Fios is adding iCONECTnXT, a hosted litigation support and collaboration platform, to its Data Management Center. With this integration, Fios hopes to open up options for clients to annotate, redact and adjust images using iCONECT’s image viewer, search and review foreign language documents, including Chinese, Japanese, Korean, Arabic, Punjabi, and Russian; and manage ESI after a first-pass review by leveraging iCONECTnXT’s case management capabilities, including deposition and expert witness preparation.

GOVERNANCE AND COMPLIANCE

As we march to the next Legal Tech New York, we’re going to be hearing a lot about governance and compliance. This segues from "proactive" litigation tools and brings the conversation on litigation preparedness to new heights: the boardroom. With that in mind there are two groups aimed at framing the issues and developing best practices outside of Sedona.
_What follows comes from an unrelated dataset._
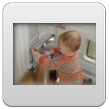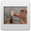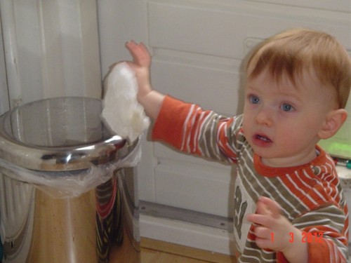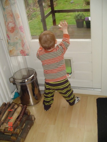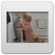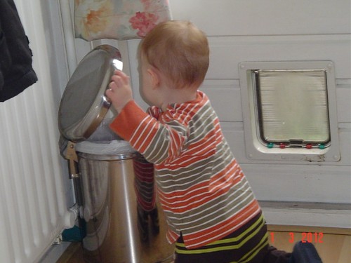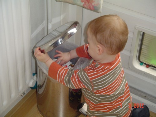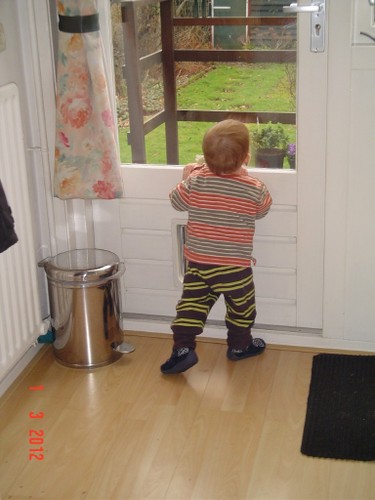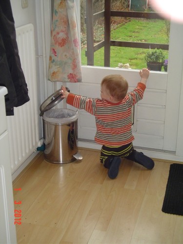 Wakker, weer een korte dut. Ik laat hem nog 10 minuten liggen, af en toe heen en weer rijden. Noppes, Bart kletst en grijnst en wil echt niet meer slapen. Even op schoot en muziek aan. Na een paar minuten samen naar de keuken boterham en fruithap maken. Bart trekt zich steeds op aan m'n been om te kijken wat ik aan het doen ben. Vanuit de buggy kun je dat natuurlijk zien en vanaf de grond niet, hij staat op z'n tenen om beter te zien. Ga je mee eten? Bart stuift achter me aan; in de kinderstoel voor het raam lekker opeten en ondertussen vogels kijken en wijzen: ggg, ggg, ja vogels, gg-gg. Dan haal ik met pincet gauw even groot stuk uit z'n neus, voordat hij kan protesteren is het al klaar en Bart kijkt gefascineerd naar het onsmakelijke ding. Zo, nou kun je weer ademen baas. Schone luier en samen naar de keuken opruimen. Bart houdt zich bezig met katteluik en pedaalemmer. Potdorie, ineens zit hij met een broodkorst in z'n mond, uit de pedaalemmer gehaald. Kan nu dus 2 dingen tegelijk: deksel met ene hand openhouden en met andere hand iets eruit pakken. En nog een keer, nu een zakdoekje, èè-èè-nee-bah. Bart kijkt me vragend aan, terug, deksel dicht. Nog een keer, weer de broodkorst, hup naar z'n mond, hij weet donders goed wat eetbaar is en wat niet. Nee-nee, terug. Nog een keer, èè-èè, Bart zet door en probeert weer met duim en wijsvingertje te plunderen. Genoeg, ik draai de emmer om, hij krijgt het deksel nu niet meer open; volgende keer emmer naar buiten.

A Legalgrc group was established at ILTA to help identify and mitigate the risk exposure of in-house counsel across a wide area of compliance concerns from anti-trust to e-discovery to securities. The acronym stands for “legal governance, risk, and compliance” and, rather than take a reactive stance to compliance, it aims to take a proactive approach by anticipating risk exposure and establishing good governance. Today, this group is formulating the issues and publishing white papers. It is one to watch, along with the Compliance, Governance and Oversight Council

The CGOC is a community of experts in retention, preservation and privacy. It aims to create a forum where legal and compliance executives can meet, interact, and inform one another to make good business decisions. CGOC offers corporate litigation, discovery, and records management practitioners with continuing education, surveys, workshops, white papers, and an annual summit and retreat.